Assignment ▸ Please, without any pictures, set down exactly the part of the listing below that opens with the line containing "smooth sharing experience." and closes with the line containing "レディース 秋 冬 ルームウエア".

Data provided ▸
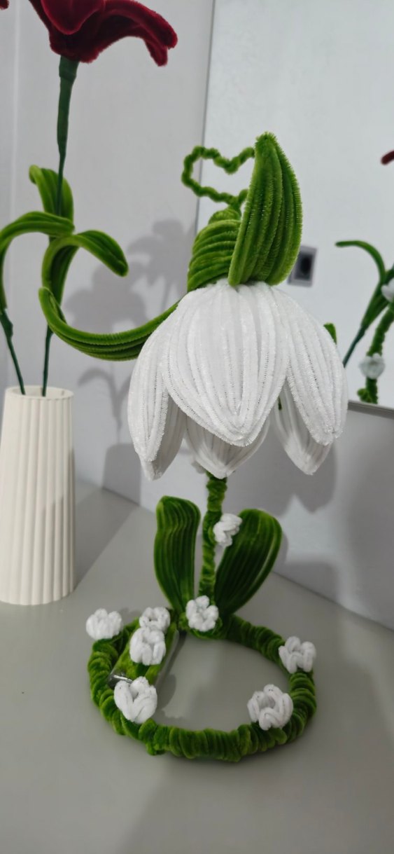 Beyaz kadife yapraklar ve yeşil kadife yaprak detaylarıyla ev dekorasyonuna yumuşak ve şık bir dokunuş katan çiçek süsü.
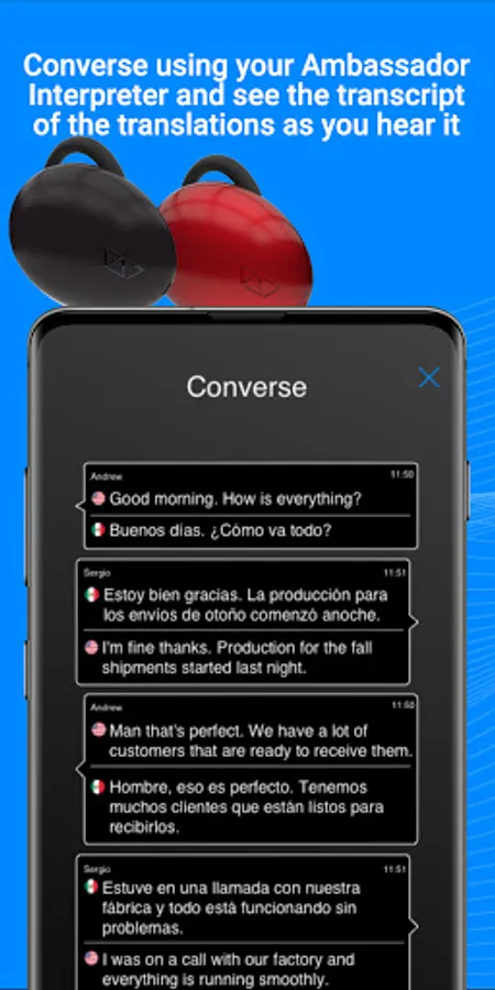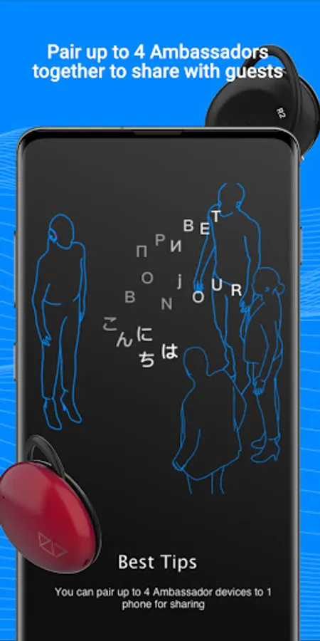 • Converse - Simply share one of the Ambassador units with your guest so you can both understand and communicate in your native languages. Pair up to 4 units to your smartphone for a smooth sharing experience.
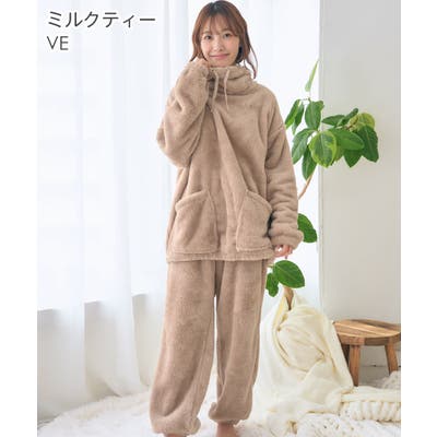 レディース 秋 冬 ルームウエア ナイトウェア 上下セット ハイネック 可愛い ポケット パジャマ 寝間着 もこもこ ぽかぽか ロングパンツ 長袖 あったか 絞り 温活 プレゼント
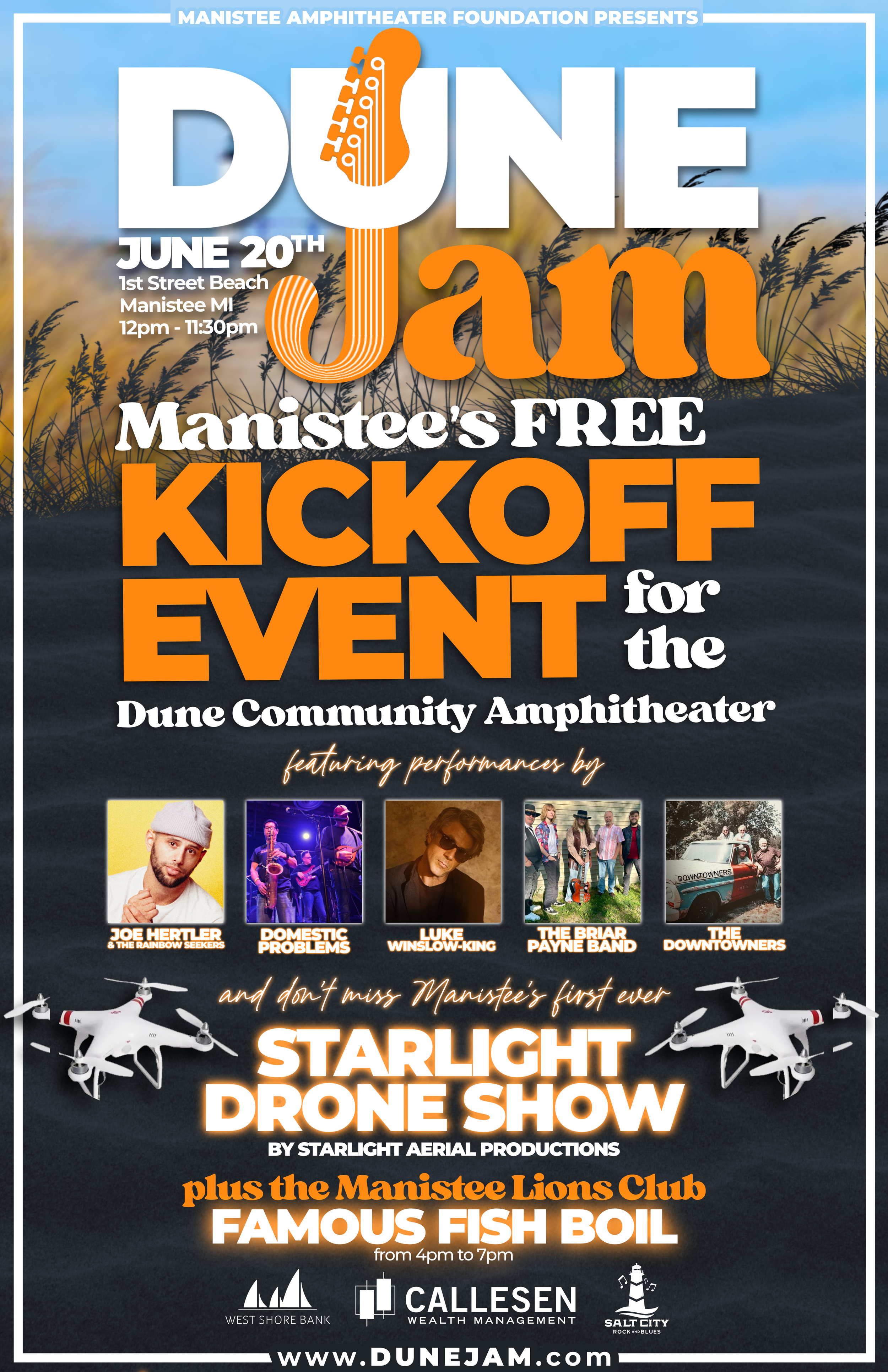 The First Annual “Dune Jam” will feature a full-day of music by top-tier Michigan bands, the return of the Famous Manistee Lion’s Fish Boil and a world-class drone show over the harbor at 10:30. This FREE event will serve as the kickoff of public fundraising phase of the MAF capital campaign and be held yearly as a fundraiser to support the endowment and long-term asset management plan for this one-of-a-kind venue.
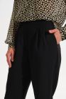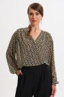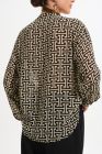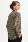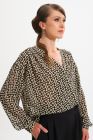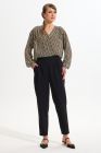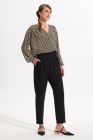 Брюки выполнены из однотона, блуза из ткани с принтом.

Response to the exercise ▸
 • Converse - Simply share one of the Ambassador units with your guest so you can both understand and communicate in your native languages. Pair up to 4 units to your smartphone for a smooth sharing experience.
 レディース 秋 冬 ルームウエア ナイトウェア 上下セット ハイネック 可愛い ポケット パジャマ 寝間着 もこもこ ぽかぽか ロングパンツ 長袖 あったか 絞り 温活 プレゼント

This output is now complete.